One experiment running in the lab matches up the speaker with the words being spoken by combining visual and aural data from a videotape. By correlating the movement of pixels with the sound waves, it is possible to put closed captions beneath the current speaker in, say, a panel discussion, rather than just running them on the bottom of the screen and leaving it up to the user to figure out who is saying what.
Correlating those images and sound waves involved "studying the ventriloquist effect, whereby we 'hear' the dummy speaking the words because we see its mouth moving," said Movellan.
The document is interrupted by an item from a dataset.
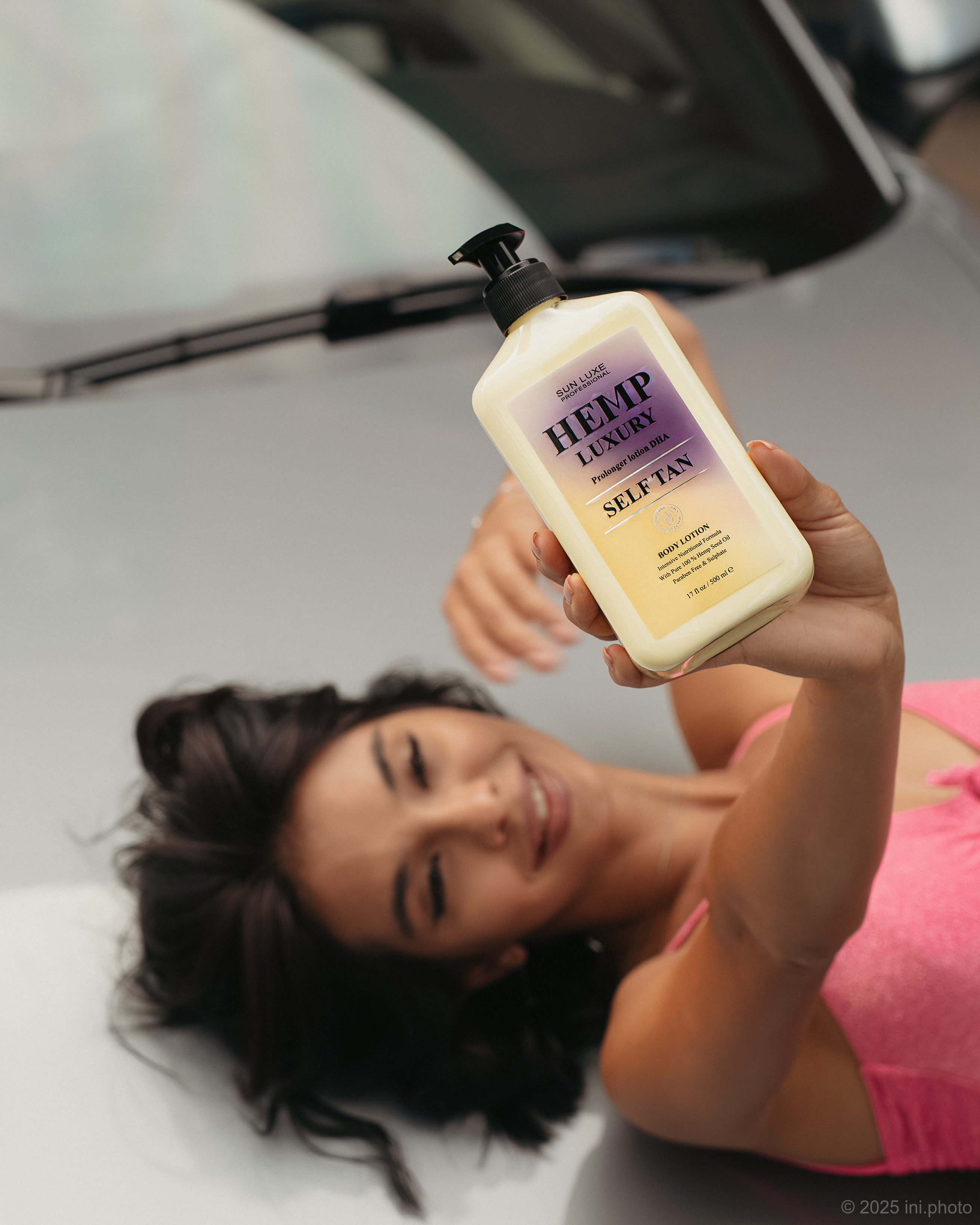 Девушка позирует для рекламы бренда кремов Sun Luxe

In the case of Bartlett's facial recognition of emotions, the trick was to use the same sort of processing in a computer that is used in the visual cortex of the brain. A spatial bandpass filter, called a Gabor filter, has been located in the primary visual cortex, called area V1. The lab found that by running software versions of Gabor filters on a video stream of the face, they could reliably identify the emotions expressed.
According to Bartlett, the technology to perform this emotional-recognition task is finished. All that remains is the nitty-gritty engineering work to integrate the technology into working applications.
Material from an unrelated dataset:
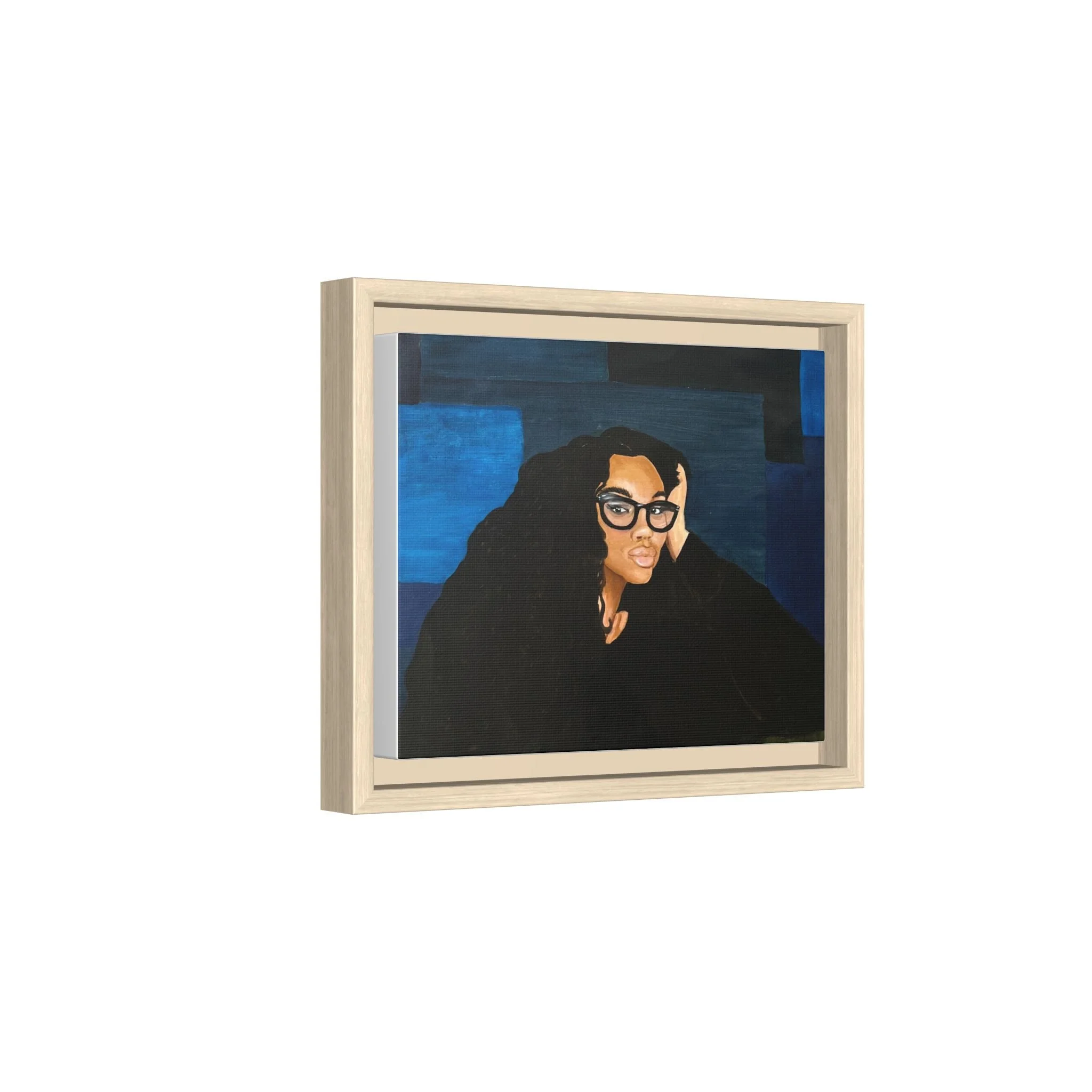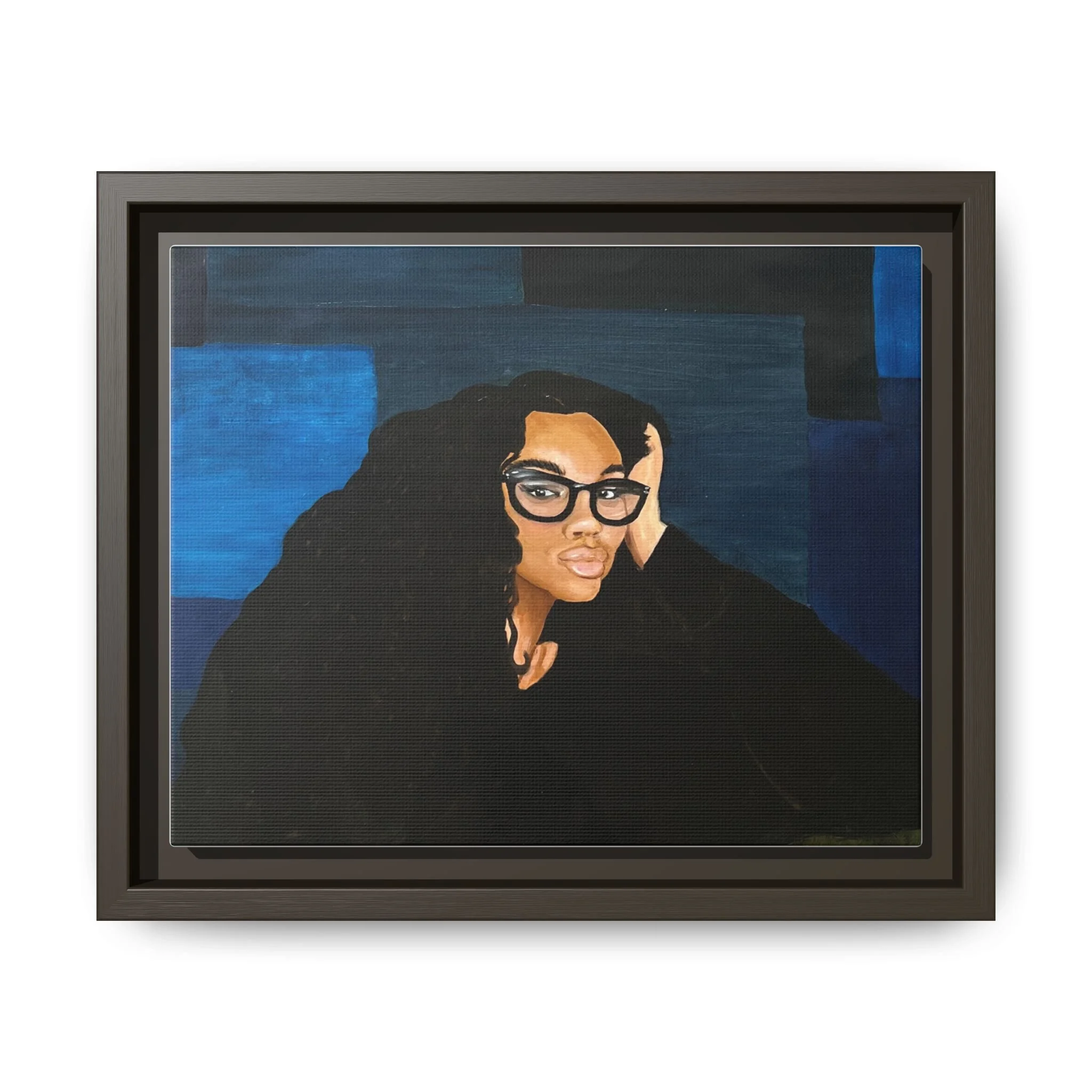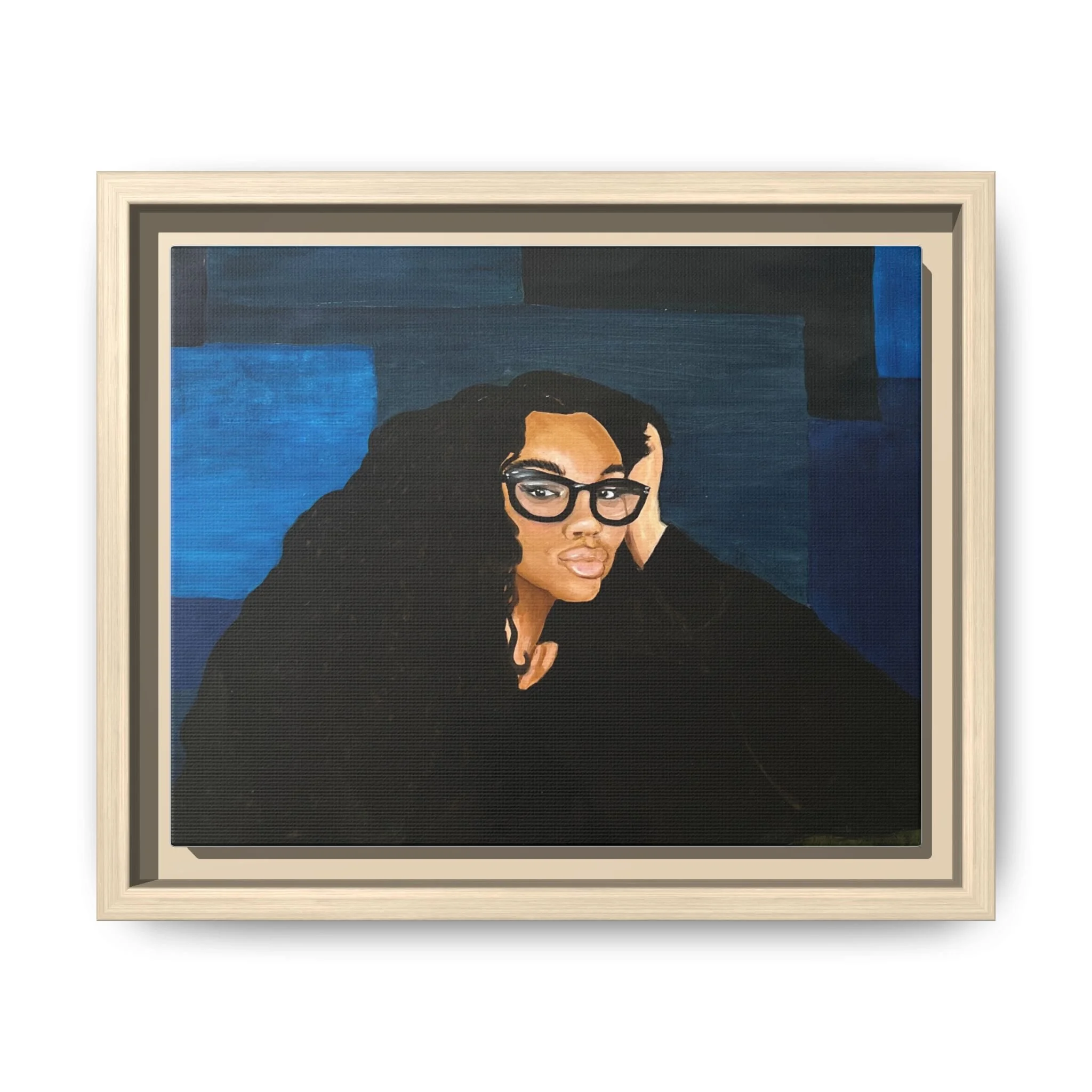 A framed matte canvas print that brings quiet confidence and modern portraiture into your space. The rich navy and deep blacks create a calm, contemplative mood while warm skin tones and glossy glasses draw the eye. Mounted on a light pine frame and finished with a smooth matte coating, this piece reduces glare and emphasizes painterly texture. Hang it above a reading nook, in a home office, or on a gallery wall to anchor a room with subtle drama and soulful presence. The sustainable materials and archival latex inks ensure the colors stay vivid without harsh chemical odors, so the artwork feels both elevated and comfortably lived-in.

"We can already reliably recognize the 12 principal facial expressions with the same accuracy as a human expert, but we need to make the technology work in real environments, where there is noise and different scales to deal with," she said.
In the lab, users' heads are clamped in a virtual vise that is, they are made to keep their heads still, at a specified distance from the camera, and seated against a plain white background. In the real world, however, a person will be moving around in the video frame, and backgrounds will contain coworkers, posters of swimsuit models and who knows what else.
"The trick is how to find where the face is in the frame," Movellan said. "We think we can do that by analyzing the colors it appears that the colors of faces exist in a very small band, regardless of the race of the speaker." But he acknowledged that "a lot of tough engineering work remains to be done to create user-friendly applications."
In the end, the work at the Machine Perception Lab could revolutionize human-computer interactions. For instance, electronic pets could not only respond appropriately to children, but could therapeutically monitor senior citizens. Often, when queried, the elderly reply that they are fine, even when seriously depressed. An electronic pet that can recognize emotions could alert medical personnel to problems.
Education will likewise benefit, according to Movellan. Automated teachers could detect when a student is perplexed or frustrated, when material is understood and when it needs to be repeated or presented in a different way. By learning the manner in which each student learns best, virtual teachers will be able to adjust their strategies in the same way good human teachers do.
"It is important that we stop thinking of computers as a monitor and a keyboard," said Movellan. "In the future, everything will be a computer. All our sensors, like video cameras, will have very powerful microprocessors inside them to perform the same sorts of 'early processing' tasks that our eyes and ears perform independently of the brain. Our desks and even the walls of our homes will be filled with computers and display technology."
The Machine Perception Lab intends to make it possible for such hardware systems to reach their potential by creating software to recognize all the modalities of communications that people recognize in each other. "Even our desks will need to automatically respond to us," said Movellan. "For instance, desks will need to recognize gestures so we can grab virtual objects on the desk and operate them."